What Buddhism, and other speculative philosophies teach, is very natural, and indeed, relates to a level of consciousness referred to in Kabbalah as "adam Kadmon" (or "Buddah" consciousness, in Buddhism). A boddhisatva is one who has merged with this level of consciousness, and likewise, 'christ consciousness' is this same awareness in gnosticism. Both return to the physical world to help out others. This is a very noble idea and i have nothing but respect for it.
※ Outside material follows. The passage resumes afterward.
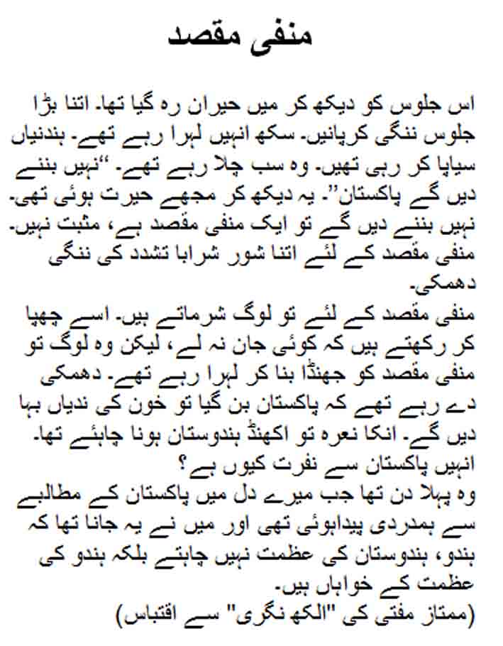 منفی مقصد کے لئے تو لوگ شرماتے ہیں۔ اسے چھپا کر رکھتے ہیں کہ کوئی جان نہ لے، لیکن وہ لوگ تو منفی مقصد کو جھنڈا بنا کر لہرا رہے تھے۔ دھمکی دے رہے تھے کہ پاکستان بن گیا تو خون کی ندیاں بہا دیں گے۔ انکا نعرہ تو اکھنڈ ہندوستان ہونا چاہئے تھا۔ انہیں پاکستان سے نفرت کیوں ہے؟

But Judaism believes G-d has a purpose and relevance in this world. This world was created to be a 'home' for him,. Its not to be escaped, as taught in buddhism, but to be refined, and made able to recieve his divine presence more fully (this idea is called olam tikkun in kabbalistic thought. Ive been told theres a comparable buddhist idea). Man is meant to know G-d in all his ways. Every mundane activity in this world is meant to be sublimated by an awareness and connection with the divine. Thus, Judaism teaches a constant, never ending meditative awareness of G-d in all areas of Life. G-d permeates everything, and its not appropriate for him to be left out in anything. The real magical idea behind this belief, which i somewhat alluded to in a earlier post, is the result of our performing his will. In the kabbalistic schema, Keter is divided into two partzufim (personas). The lower one, is called Arich Anpin (long face) and refers to G-ds desire that we perform his will (this is where the will emanates from). Whereas Atik Yomin, which means 'ancient of days', refers to the divine pleasure and bliss that enters the earthly realm AFTER we perform his will. This is the response from G-d AFTER we respond to his obligation, and command, that we perform earthly commandments. This 'pleasure' emenates as a torrent of blessing into this world. This in turn raises the physical world we live in from its low, mundane level, into the spiritual. The implications of this idea are truly enormous. They are related to the holy name, which constitutes all of reality, YHVH, which means "being". Its letters also form the words "was, is and will be".